Followed by another backup

pgo backup mycluster --backup-type=pgbackrest --backup-opts="--type=incr"
created Pgtask backrest-backup-mycluster

pgo show backup mycluster --backup-type=pgbackrest

backrest : mycluster
stanza: db
status: ok
cipher: none

db (current)
wal archive min/max (11-1): none present

full backup: 20190328-172543F
timestamp start/stop: 2019-03-28 17:25:43 / 2019-03-28 17:26:02
wal start/stop: 000000010000000000000002 / 000000010000000000000002
database size: 30MB, backup size: 30MB
repository size: 3.6MB, repository backup size: 3.6MB

incr backup: 20190328-172543F_20190328-173255I
timestamp start/stop: 2019-03-28 17:32:55 / 2019-03-28 17:33:05
wal start/stop: 000000020000000000000004 / 000000020000000000000004
database size: 30MB, backup size: 2.7MB
repository size: 3.6MB, repository backup size: 304.8KB
backup reference list: 20190328-172543F

Let’s try to restore again, but this time, by default it will use last backup which was taken after important_table was dropped.

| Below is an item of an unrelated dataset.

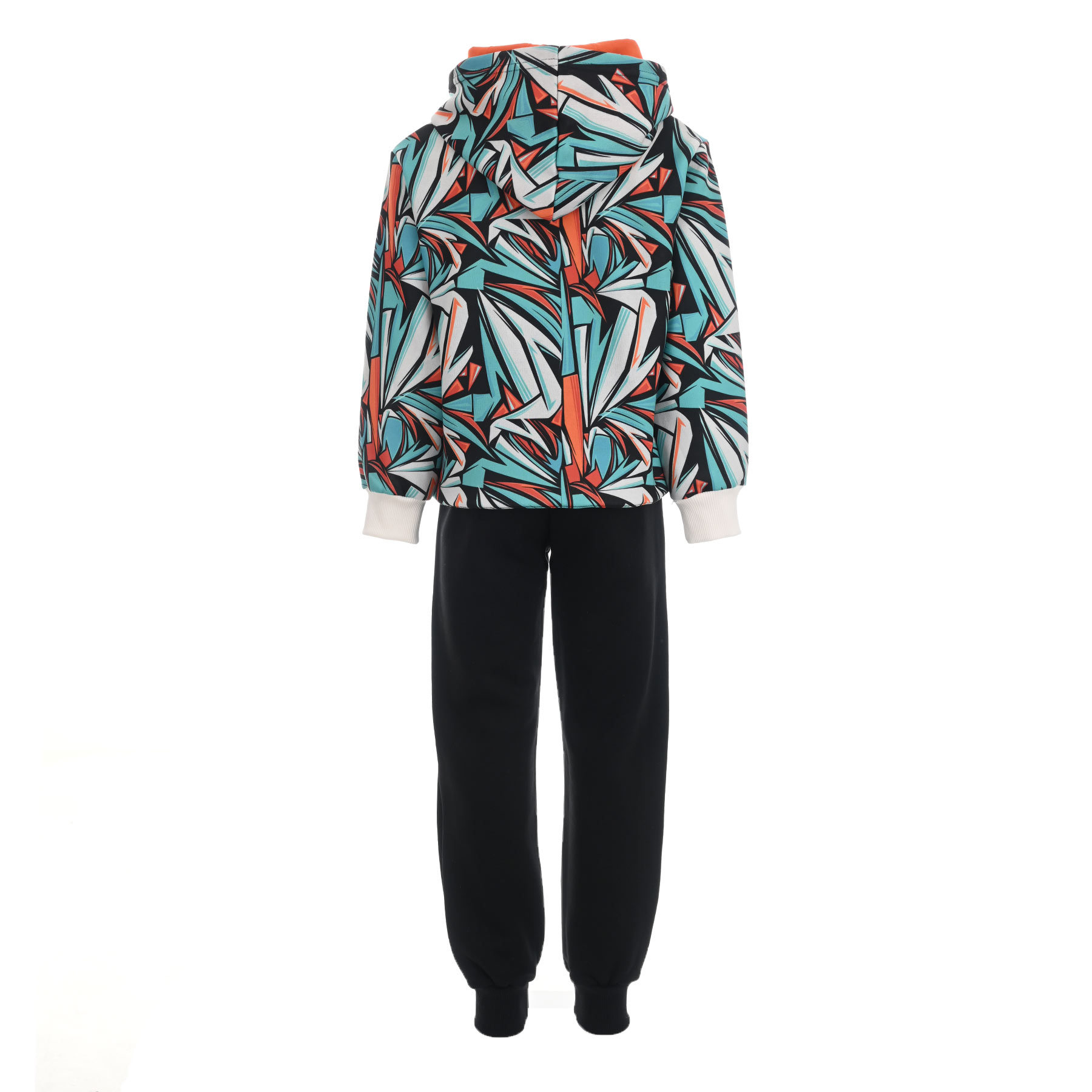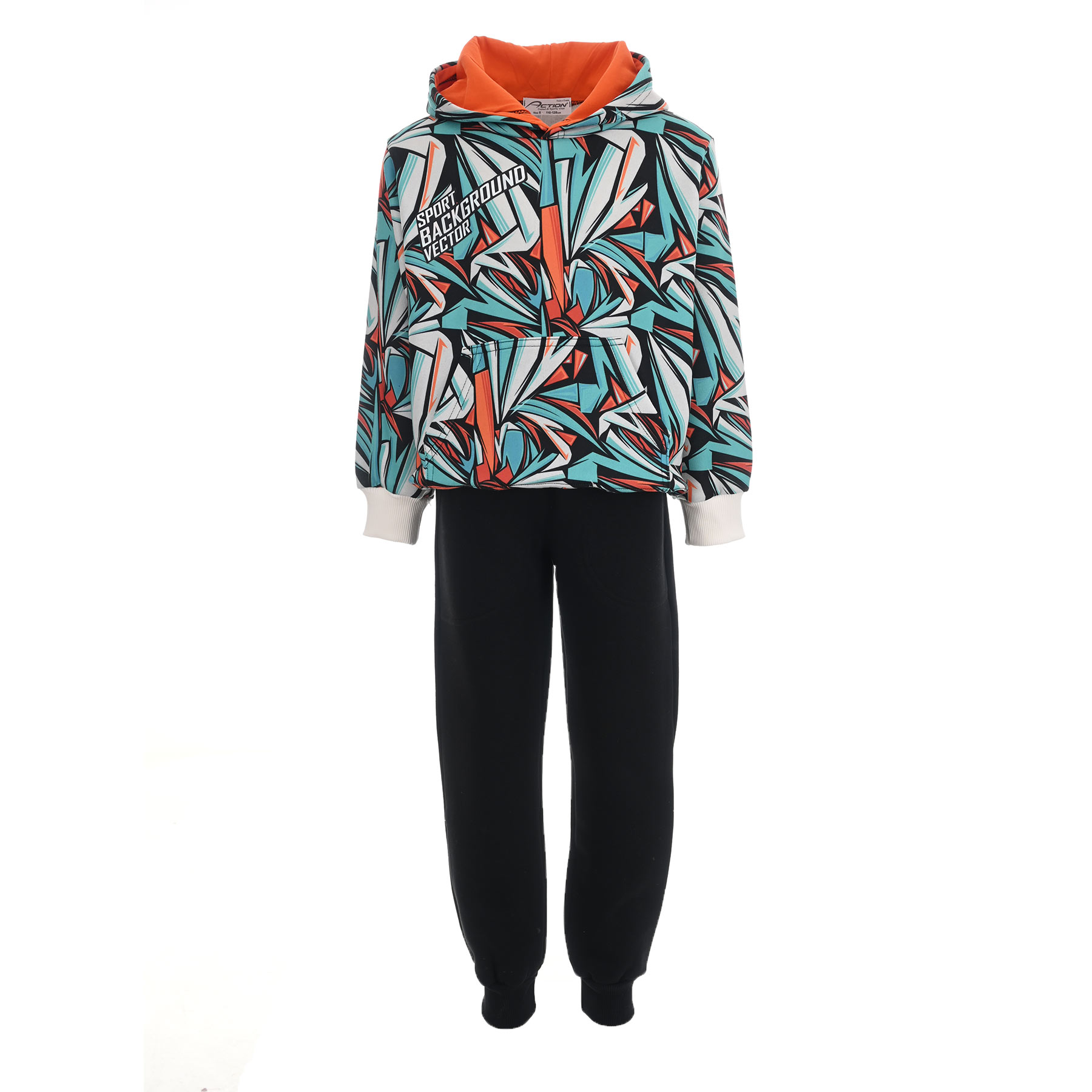 Η μπλούζα διαθέτει εντυπωσιακό γεωμετρικό σχέδιο σε πράσινους, πορτοκαλί και μαύρους τόνους, κουκούλα με πορτοκαλί εσωτερική επένδυση, μπροστινή τσέπη τύπου καγκουρό και τύπωμα SPORT BACKGROUND VECTOR στο στήθος. Το παντελόνι είναι σε μαύρη απόχρωση, με λάστιχο στη μέση και στα μπατζάκια για τέλεια εφαρμογή και ελευθερία κινήσεων.

$ pgo restore mycluster --pitr-target="2019-03-28 17:27:54.330591+00" --backup-opts="--type=time --target-action=promote"
Warning: If currently running, the primary database in this cluster will be stopped and recreated as part of this workflow!
WARNING: Are you sure? (yes/no): yes
restore performed on mycluster to mycluster-imyr opts=--type=time --target-action=promote pitr-target=2019-03-28 17:27:54.330591+00
workflow id 55332892-cb60-436a-876d-7ebb740f77d7

This time after the restore.

$ kubectl get pod
NAME READY STATUS RESTARTS AGE
backrest-backup-mycluster-2shf6 0/1 Completed 0 2m
mycluster-backrest-shared-repo-554ccfb84d-pt4b6 1/1 Running 0 1m
mycluster-imyr-78cf699566-ms24l 1/1 Running 0 24s
postgres-operator-5876b4b65d-9p5sl 3/3 Running 0 34m
restore-mycluster-kutr-7s949 0/1 Completed 0 5m
restore-mycluster-wclg-4mwmt 0/1 Completed 0 1m

$ kubectl exec -it mycluster-imyr-78cf699566-ms24l -- /bin/bash
postgres=# \dt
List of relations
Schema | Name | Type | Owner
--------+--------------+-------+----------
public | primarytable | table | postgres
(1 row)

Now let’s use proper backup to have the ability to restore to point in time.

$ pgo restore mycluster --pitr-target="2019-03-28 17:27:54.330591+00" --backup-opts="--type=time --target-action=promote --set=20190328-172543F"
Warning: If currently running, the primary database in this cluster will be stopped and recreated as part of this workflow!
WARNING: Are you sure? (yes/no): yes
restore performed on mycluster to mycluster-oojw opts=--type=time --target-action=promote --set=20190328-172543F pitr-target=2019-03-28 17:27:54.330591+00
workflow id 29f47ec1-f49c-4248-ba1e-73f557974de0

Now again you have your important_table

kubectl exec -it mycluster-oojw-7bd8897b98-fhpqb -- /bin/bash
sh-4.2$ psql
psql (11.2)
Type "help" for help.

postgres=# \dt
List of relations
 Schema | Name | Type | Owner
--------+-----------------+-------+----------
 public | important_table | table | postgres
 public | primarytable | table | postgres
(2 rows)

postgres=# select * from important_table ;
id
----
10
(1 row)

One last thing, I would like to show is how you handle retention. Detailed retention options with pgBackRest can be found here.

$ pgo backup mycluster --backup-type=pgbackrest --backup-opts="--type=full --repo1-retention-full=1"
created Pgtask backrest-backup-mycluster

$ pgo show backup mycluster --backup-type=pgbackrest

backrest : mycluster
stanza: db
status: ok
cipher: none

db (current)
wal archive min/max (11-1): none present

full backup: 20190328-174140F
timestamp start/stop: 2019-03-28 17:41:40 / 2019-03-28 17:42:01
wal start/stop: 000000040000000000000004 / 000000040000000000000004
database size: 30MB, backup size: 30MB
repository size: 3.6MB, repository backup size: 3.6MB

So there you have it, the best of both worlds. Crunchy PostgreSQL Operator providing full support of pgBackRest to have the ability to archive transaction log and the ability to do backup and restore.